**What the task asks**
Word-for-word transcription: reproduce all of the data, but not the pictures.

**Data section**
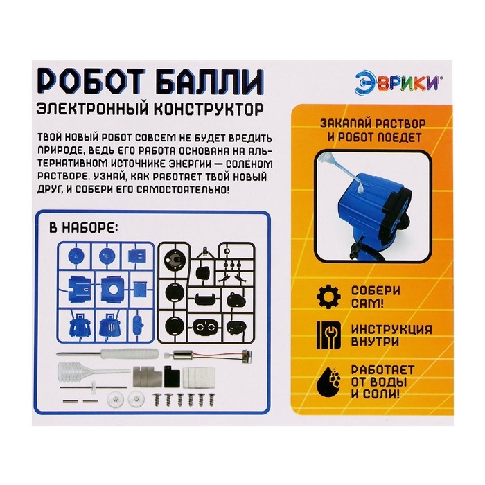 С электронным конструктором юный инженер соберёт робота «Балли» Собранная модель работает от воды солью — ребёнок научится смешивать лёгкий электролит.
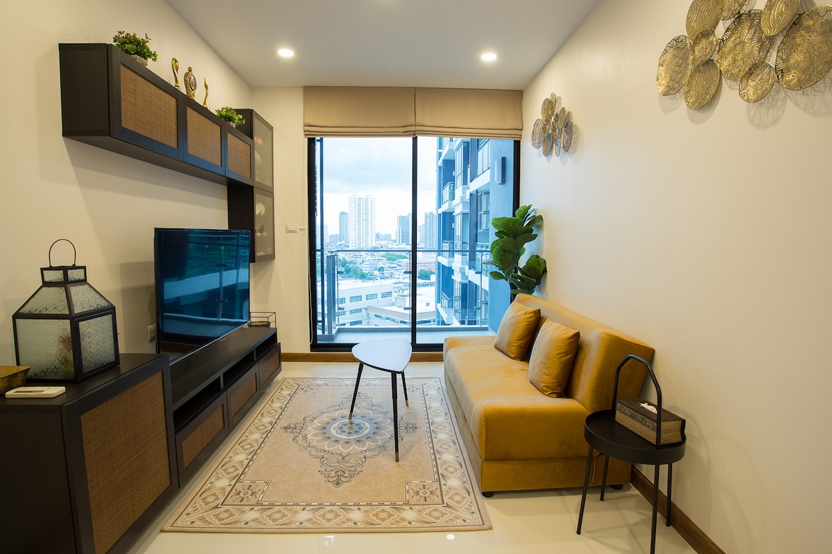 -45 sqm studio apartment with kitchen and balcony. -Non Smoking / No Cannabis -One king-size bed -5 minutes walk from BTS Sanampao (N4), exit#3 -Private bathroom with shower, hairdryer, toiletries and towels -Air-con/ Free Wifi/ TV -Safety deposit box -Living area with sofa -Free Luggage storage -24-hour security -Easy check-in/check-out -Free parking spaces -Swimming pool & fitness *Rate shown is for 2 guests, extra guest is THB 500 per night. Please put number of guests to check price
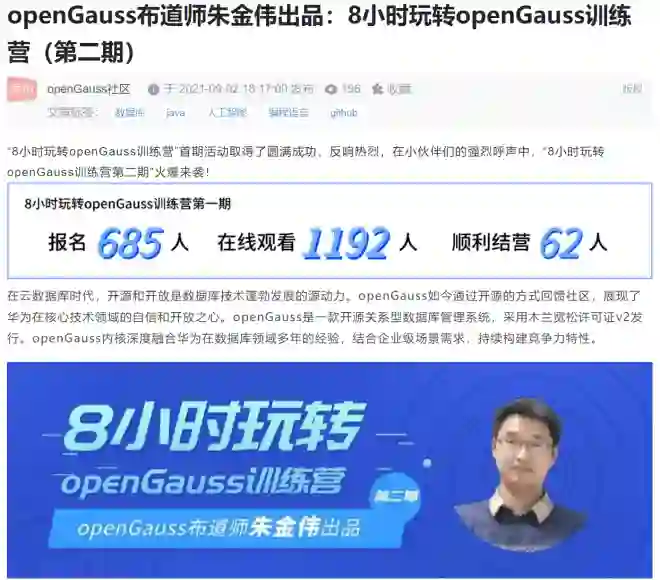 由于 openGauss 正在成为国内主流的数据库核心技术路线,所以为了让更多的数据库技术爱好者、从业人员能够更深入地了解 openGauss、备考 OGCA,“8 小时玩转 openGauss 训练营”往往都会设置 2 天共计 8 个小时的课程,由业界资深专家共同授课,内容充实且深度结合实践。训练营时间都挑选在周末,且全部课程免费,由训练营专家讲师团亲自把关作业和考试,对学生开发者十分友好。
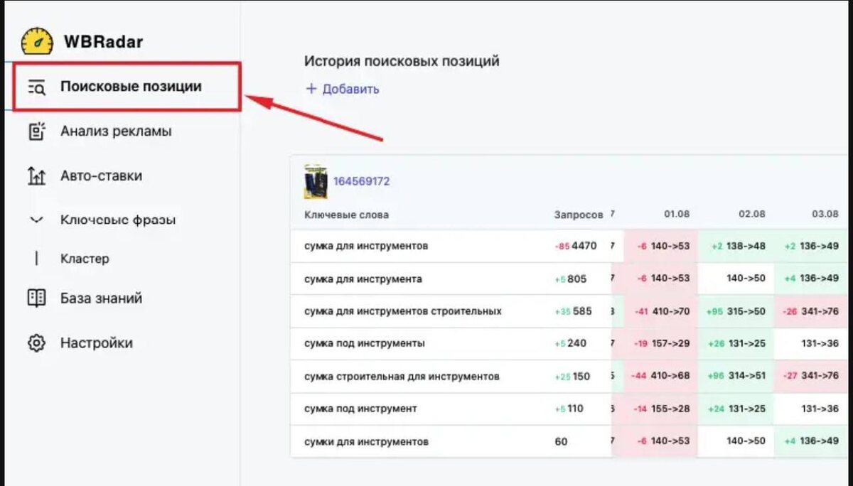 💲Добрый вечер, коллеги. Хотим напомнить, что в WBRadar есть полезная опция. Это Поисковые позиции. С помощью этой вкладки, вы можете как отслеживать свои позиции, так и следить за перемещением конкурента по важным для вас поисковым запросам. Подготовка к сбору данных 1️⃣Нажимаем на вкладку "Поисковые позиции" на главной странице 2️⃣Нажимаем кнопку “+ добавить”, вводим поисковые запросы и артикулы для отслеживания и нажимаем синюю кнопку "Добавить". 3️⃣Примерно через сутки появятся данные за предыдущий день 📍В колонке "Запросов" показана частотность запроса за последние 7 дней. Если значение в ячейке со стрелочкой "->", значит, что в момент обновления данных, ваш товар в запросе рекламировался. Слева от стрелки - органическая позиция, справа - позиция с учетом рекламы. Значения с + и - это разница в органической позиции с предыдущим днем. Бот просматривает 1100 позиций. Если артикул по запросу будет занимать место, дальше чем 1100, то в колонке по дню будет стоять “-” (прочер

**Answer to the problem**
 С электронным конструктором юный инженер соберёт робота «Балли» Собранная модель работает от воды солью — ребёнок научится смешивать лёгкий электролит.
 -45 sqm studio apartment with kitchen and balcony. -Non Smoking / No Cannabis -One king-size bed -5 minutes walk from BTS Sanampao (N4), exit#3 -Private bathroom with shower, hairdryer, toiletries and towels -Air-con/ Free Wifi/ TV -Safety deposit box -Living area with sofa -Free Luggage storage -24-hour security -Easy check-in/check-out -Free parking spaces -Swimming pool & fitness *Rate shown is for 2 guests, extra guest is THB 500 per night. Please put number of guests to check price
 由于 openGauss 正在成为国内主流的数据库核心技术路线,所以为了让更多的数据库技术爱好者、从业人员能够更深入地了解 openGauss、备考 OGCA,“8 小时玩转 openGauss 训练营”往往都会设置 2 天共计 8 个小时的课程,由业界资深专家共同授课,内容充实且深度结合实践。训练营时间都挑选在周末,且全部课程免费,由训练营专家讲师团亲自把关作业和考试,对学生开发者十分友好。
 💲Добрый вечер, коллеги. Хотим напомнить, что в WBRadar есть полезная опция. Это Поисковые позиции. С помощью этой вкладки, вы можете как отслеживать свои позиции, так и следить за перемещением конкурента по важным для вас поисковым запросам. Подготовка к сбору данных 1️⃣Нажимаем на вкладку "Поисковые позиции" на главной странице 2️⃣Нажимаем кнопку “+ добавить”, вводим поисковые запросы и артикулы для отслеживания и нажимаем синюю кнопку "Добавить". 3️⃣Примерно через сутки появятся данные за предыдущий день 📍В колонке "Запросов" показана частотность запроса за последние 7 дней. Если значение в ячейке со стрелочкой "->", значит, что в момент обновления данных, ваш товар в запросе рекламировался. Слева от стрелки - органическая позиция, справа - позиция с учетом рекламы. Значения с + и - это разница в органической позиции с предыдущим днем. Бот просматривает 1100 позиций. Если артикул по запросу будет занимать место, дальше чем 1100, то в колонке по дню будет стоять “-” (прочер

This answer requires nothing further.